Replace element in array by checking condition in another list

Update after discussions in comments

I've revised my code to use Replace with a level spec, and to create rules only from list2, since the latter list can be much smaller than the first list. This provides a speed boost of about 50%.

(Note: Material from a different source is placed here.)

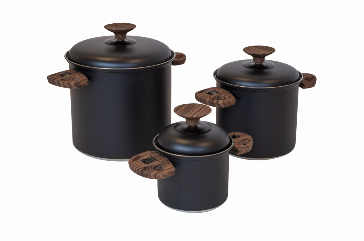 Een industriele 3-delige RVS pannenset uit de Industrial collectie van Bo-Camp. Iedere pan beschikt over een RVS deksel met hittebestendige knop. Door het zwarte stainless steel en de houtlook knoppen hebben ze een industriele uitstraling. Daarnaast heeft iedere pan hittebestendige en wegklapbare handgrepen. Deze handgrepen kunnen na gebruik eenvoudig om worden geklapt zodat de pannen volledig nestbaar en compact op te bergen zijn. Bespaart tot 40% ruimte! De pannen zijn smal en hoog en daardoor bij uitstek geschikt voor de beperkte ruimte op gaskomforen. Te gebruiken op de warmtebronnen gas, keramisch en elektrisch. Afmetingen (Øxh): 12x11, 16x15 en 20x19 cm. Afmetingen genest (Øxh): 20x19 cm. Inhoud: 1,2, 3 en 6 liter.
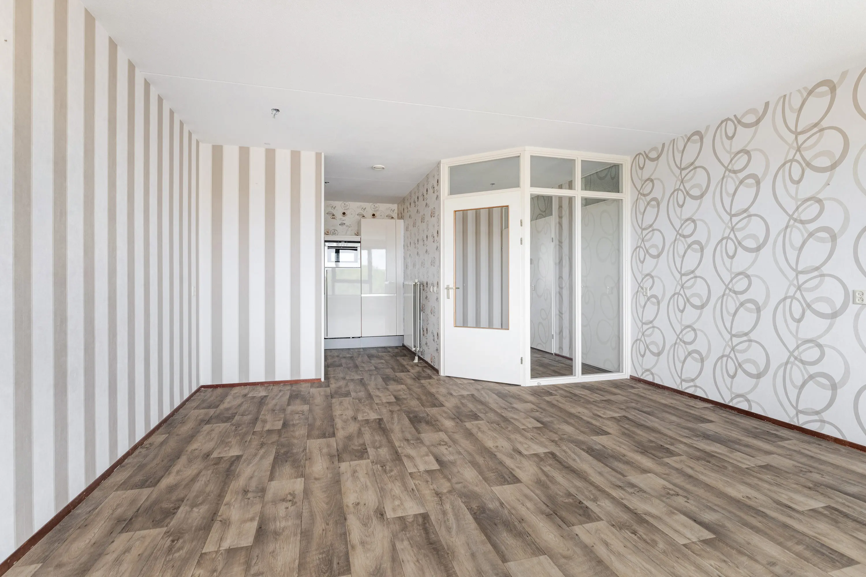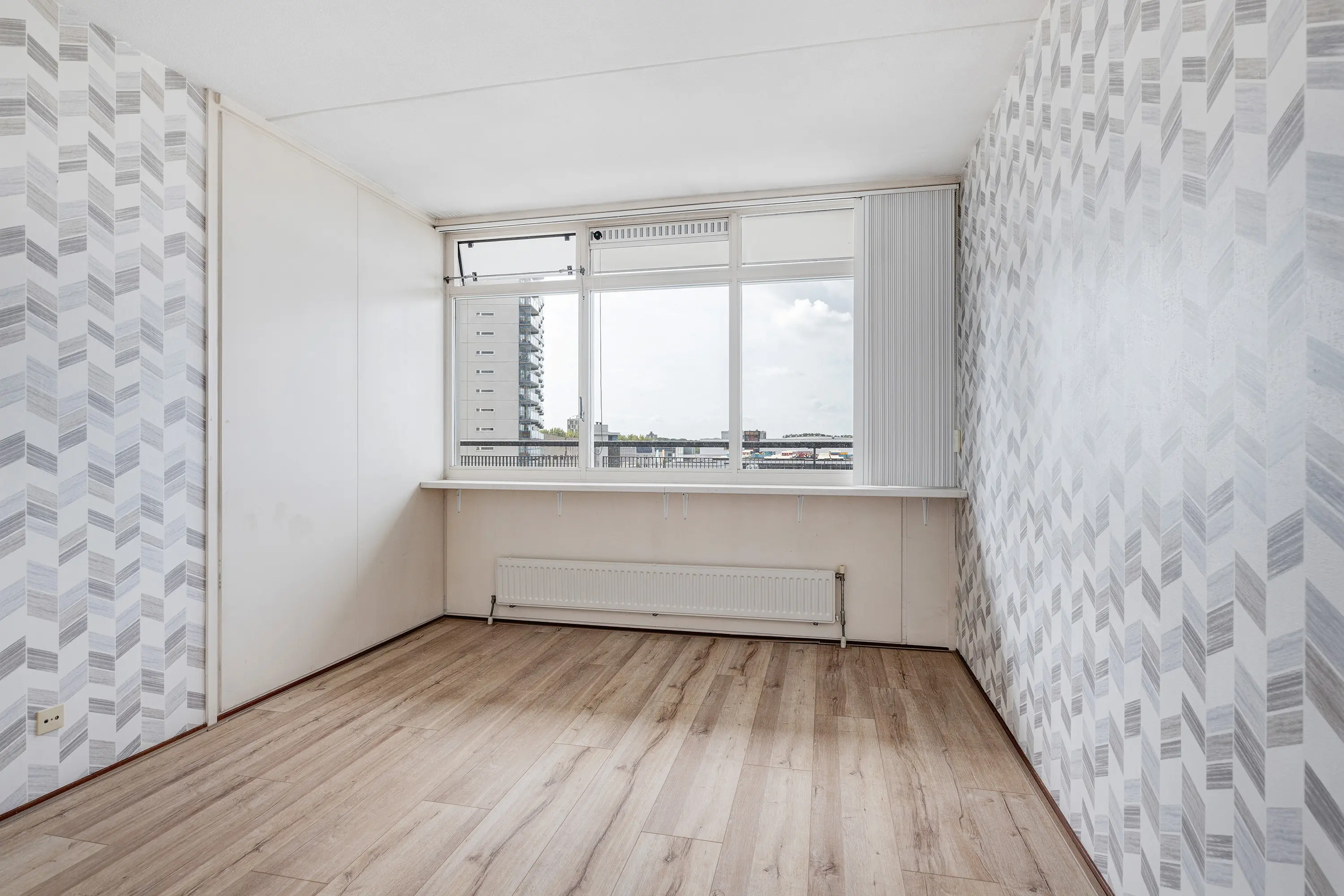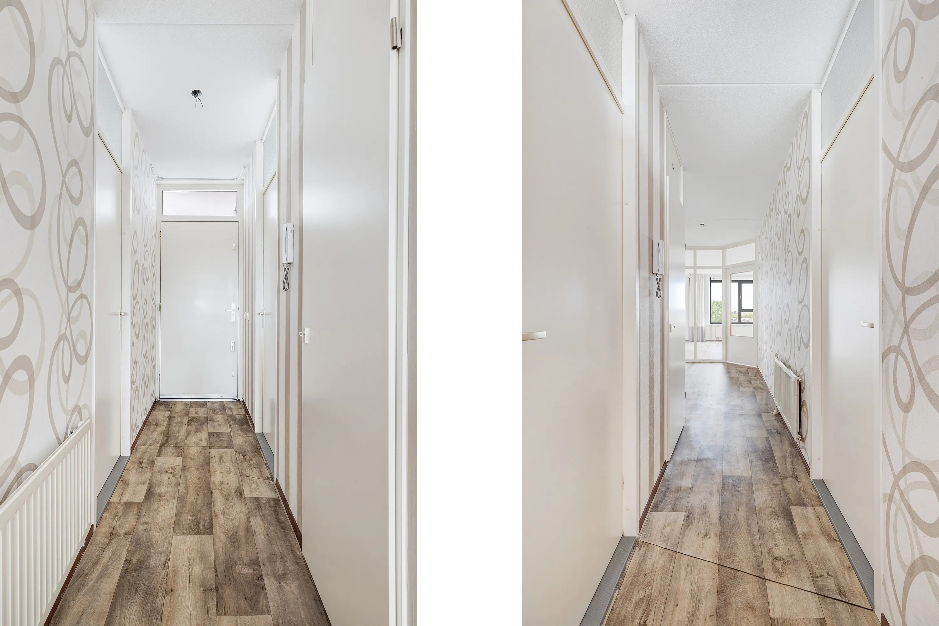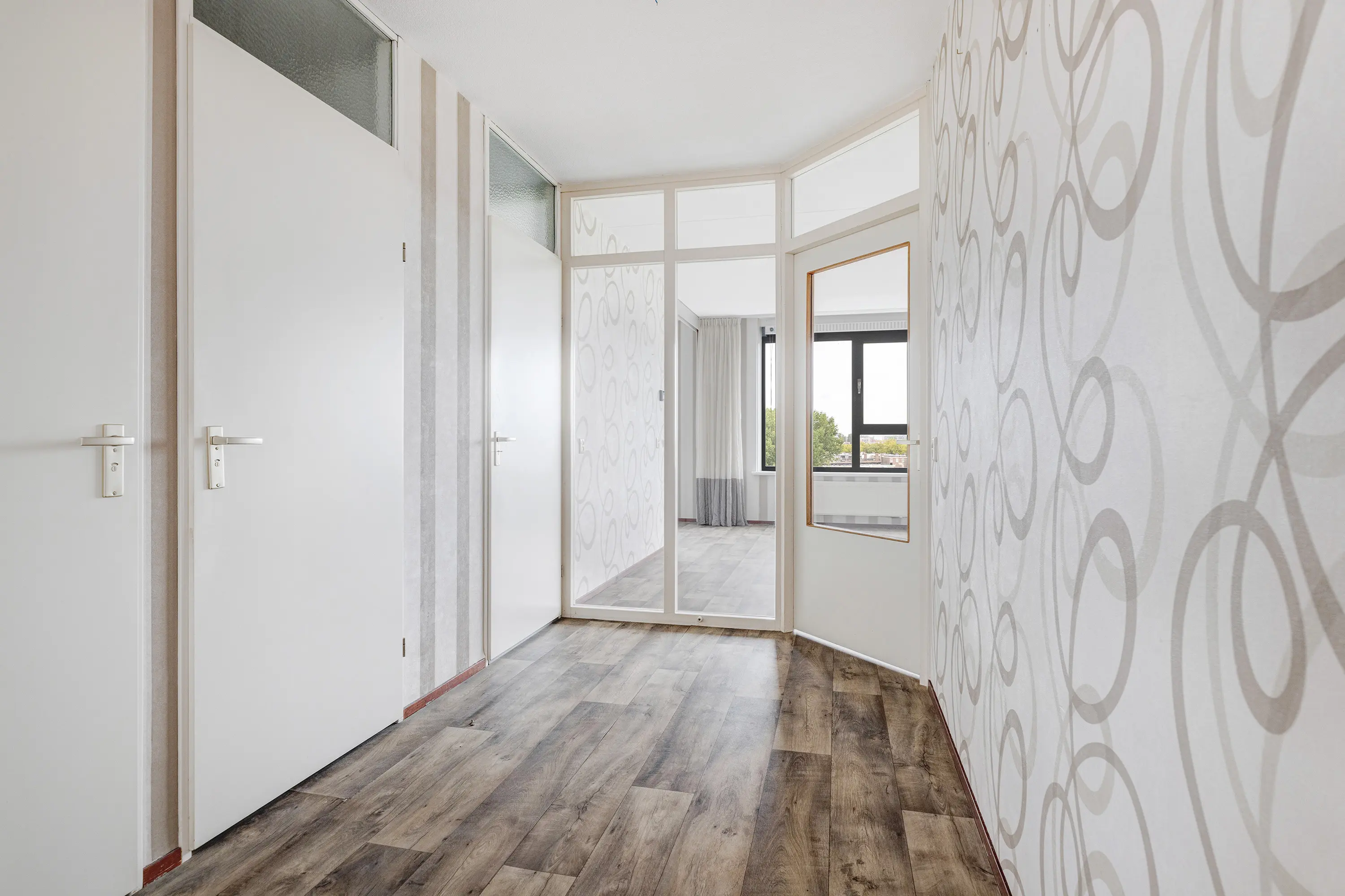 Naast de woonkamer bevinden zich twee slaapkamers aan de galerijzijde, beide afgewerkt met een laminaatvloer en ideale ruimtes voor slaap- of studeervertrekken.

update[l1_,l2_] := Module[{p, q, r=l1},
    p = Replace[
        l1[[All,;;2]],
        Dispatch @ Thread @ Rule[l2[[All,;;2]], l2[[All,3]]],
        {1}
    ];
    q = Replace[p[[All,0]], {List->0,_->1}, {1}];
    r[[Pick[Range[Length[l1]], q, 1], 3]] = Pick[p,q,1];
    r
]

For your initial example:

update[list1, list2]

{{1, 2, 0}, {1, 3, 1}, {4, 6, 0}, {2, 3, 0}}

For your latest example:

test1={{0.5,0.5,0},{1,1,0},{1.5,1.5,0},{2.0,2.0,0}};
test2={{0.5,0.5,1},{2.0,2.0,1}};

update2[test1,test2]

{{0.5, 0.5, 1}, {1, 1, 0}, {1.5, 1.5, 0}, {2., 2., 1}}

Timing

Since you mention working with large arrays, here's the speed of update on some made up data:

list1=Sort@RandomReal[1,{10^4,3}];
list2=RandomSample[list1,10^3];
list2[[All,3]]=RandomReal[1,10^3];

update[list1,list2];//AbsoluteTiming

{0.01681, Null}

list1=Sort@RandomReal[1,{10^6,3}];
list2=RandomSample[list1,10^5];
list2[[All,3]]=RandomReal[1,10^5];

update[list1,list2];//AbsoluteTiming

{1.99171, Null}

Old code

update2[l1_,l2_] := Module[{r=l1, l=Join[l2,l1]},
    r[[All,3]] = r[[All, ;;2]] /. Dispatch@Thread@Rule[l[[All, ;;2]],l[[All,3]]];
    r
]

f[v1_, v2_] := If[Most[v1] == Most[v2], v2, v1];
MapThread[f, {list1, list2}]

which gives you {{1, 2, 0}, {1, 3, 1}, {4, 6, 0}, {2, 3, 0}}

Revised to incorporate your unequal length list condition

Map[(match = Cases[list2, Join[Most[#], {_}]]; 
     If[match == {}, #, match[[1]]]) &, list1]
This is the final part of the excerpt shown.